We plan to switch the functionality for the global state from an external Redux library to built-in React hooks without any changes to the way the components are rendered.

We will try to keep variables’ names and namespaces as consistent as possible. We can leave our actions and reducers untouched, trying to mimic the Redux ones and make them usable for the new useReducer hook.

So our main issue here is to write a new store based on that hook. Let’s make a few changes to our index.js file in the store folder (AppStore component):

export const AppContext = React.createContext({});

export const AppStore= ({ children }) => {
    const [state, dispatch] = useReducer(combineReducers({
        teams: teamsReducer,
        current: currentReducer,
    }), {});

    return (
        <AppContext.Provider value={{ state, dispatch }}>
            {children}
        </AppContext.Provider>
    );
};

We started by removing the redux Provider and used a plain React Context instead (1st line). Then, we replaced the createStore function with the useReducer hook. Those reducers return an array with two values: state and dispatch function. Dispatch should look familiar to you because we used it as a parameter for the Redux’ mapDispatchToProps function via connect HOC in the above code. In this case, we need to pass this dispatch function along with the store state through context value.

Combining our reducers

If you observed closely you might have noticed that we still didn’t remove the combineReducers function. This is a function provided by the Redux library, so what is going on here?

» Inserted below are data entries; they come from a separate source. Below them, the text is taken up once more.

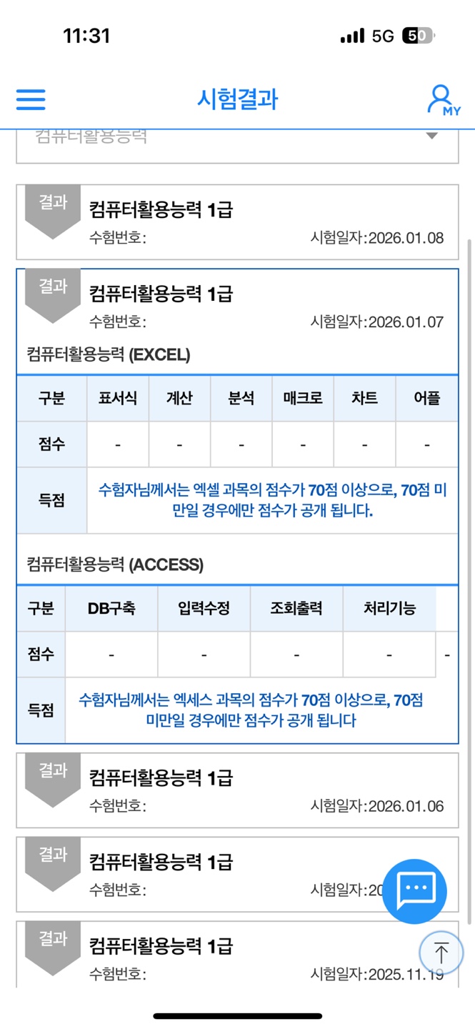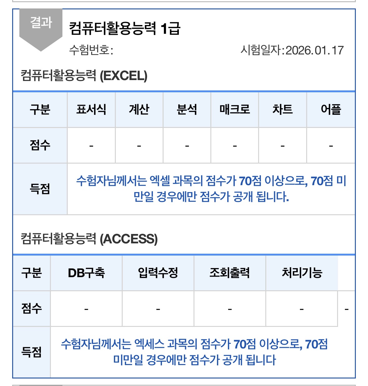 내돈내산! 컴활 1급 필기 실기 합격 후기! 드디어 취준생의 숙제와도 같았던 컴활 1급을 최종 합격했습니다! 노베이스 상태에서 시작하느라 걱정이 많았는데, 직접 강의를 비교해보고 선택한 내돈내산 후기를 생생하게 남겨보려 합니다. 결론부터 말씀드리면 덕분에 생각보다 빠르게 자격증을 손에 넣을 수 있었습니다. ​ 1. 응시 정보 및 준비 기간 - 응시 급수: 컴활 1급 (필기 & 실기) - 응시 횟수: 필기 2회, 실기 3회 - 준비 기간: 총 6주 (필기 1주 + 실기 3주) ​ 2. 필기 합격 공부법 필기는 문제 은행 방식이라고는 하지만, 1급은 개념 이해 없이 기출만 돌리기엔 양이 너무 방대했습니다. - 공부 방법: 의 실기 강의를 먼저 수강하며 DB, OA의 전체적인 흐름을 파악했습니다. 그 후 최근 5개년 기출문제를 반복해서 풀며 오답 노트를 정리했습니다. - 도움이 된 점: 이미남 선생님께서 시험에 자주 나오는 핵심 키워드를 딱딱 짚어주셔서 공부 범위를 획기적으로 줄일 수 있었습니다. 특히 2과목 스프레드시트의 생소한 함수들을 이해하는 데 큰 도움이 되었고 생소한 데이터베이스를 이해하는데 도움이 되었습니다. ​ 3. 실기 합격 공부법 실기는 정말 '손에 익히는 것'이 중요했습니다. 엑셀과 액세스라는 생소한 프로그램을 다루는 게 쉽지 않았지만, 커리큘럼을 믿고 따라갔습니다. - 공부 방법: 먼저 강의를 보며 기능을 하나하나 따라 해본 뒤, 2회독부터는 강의 없이 스스로 문제를 풀었습니다. 막히는 부분만 선택적으로 강의를 다시 보며 약점을 보완했습니다. - 이미남 컴활 활용법: 이미남 선생님의 강의는 설명이 매우 친절하고 깔끔합니다. 자칫 복잡할 수 있는 배열 수식이나 프로시저 작성을 수험생 눈높이에서 쉽게 설명해 주셔서 포기하지 않을 수 있었습니다. 특히 실제 시험장과 유사한 상설 복원 문제 풀이가 실전 감각을 키우는 데 결정적인 역할을 했습니다.
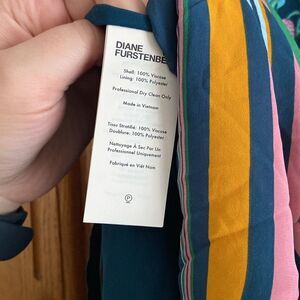 Diane Von Furstenberg Denver Tropical Floral Silky Midi Asymmetrical Hem Summer Skirt. New with tag. Size: 10 - see measurements below. Color: jardin eclipse multi. Design: asymmetrical hem. Left side seam hidden zipper with hook - and - eye closure. Dry clean only. Shell: 100% viscose. Lining: 100% polyester. No stretch. Measurements approximately while laying flat: Waist: 14”. Length: 35” the longest. Hips: ( 8” below waist) : 20.5”. Perfect skirt for summer/ tropical vacation! Reasonable offers welcome. Smoke free and pet free home.
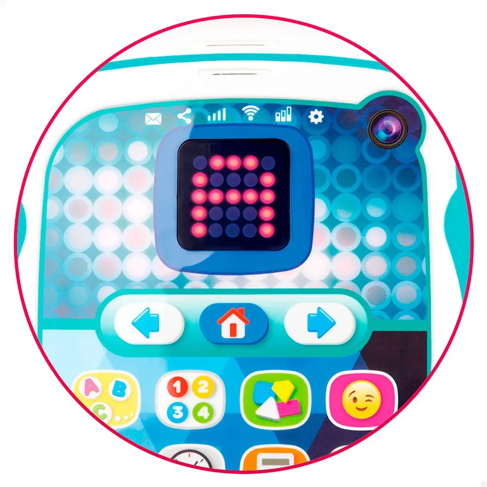 - Écran : Elle est équipée d’un écran LED qui affiche les lettres, les chiffres et les formes pour aider l’enfant à associer ce qu’il apprend de manière visuelle.

The reducer’s combining is quite simple and based on retrieving states from every entry to allocate them by a given key. We can do more or less the same as Redux does and place it in another helper function. Let’s create a combineReducres folder with an index.js file inside of the services folder with a following function:

export const combineReducers = (reducerDict) =>
    (state, action) => Object.keys(reducerDict)
        .reduce((acc, curr) => ({
            ...acc, [curr]: reducerDict[curr](state[curr], action),
        }), state);

You can find many different implementations of that functionality across the Internet, and they are all based on the original Redux combining functionality.

I used and modified some of the existing ones as well to meet the ES6 standards (from thchia).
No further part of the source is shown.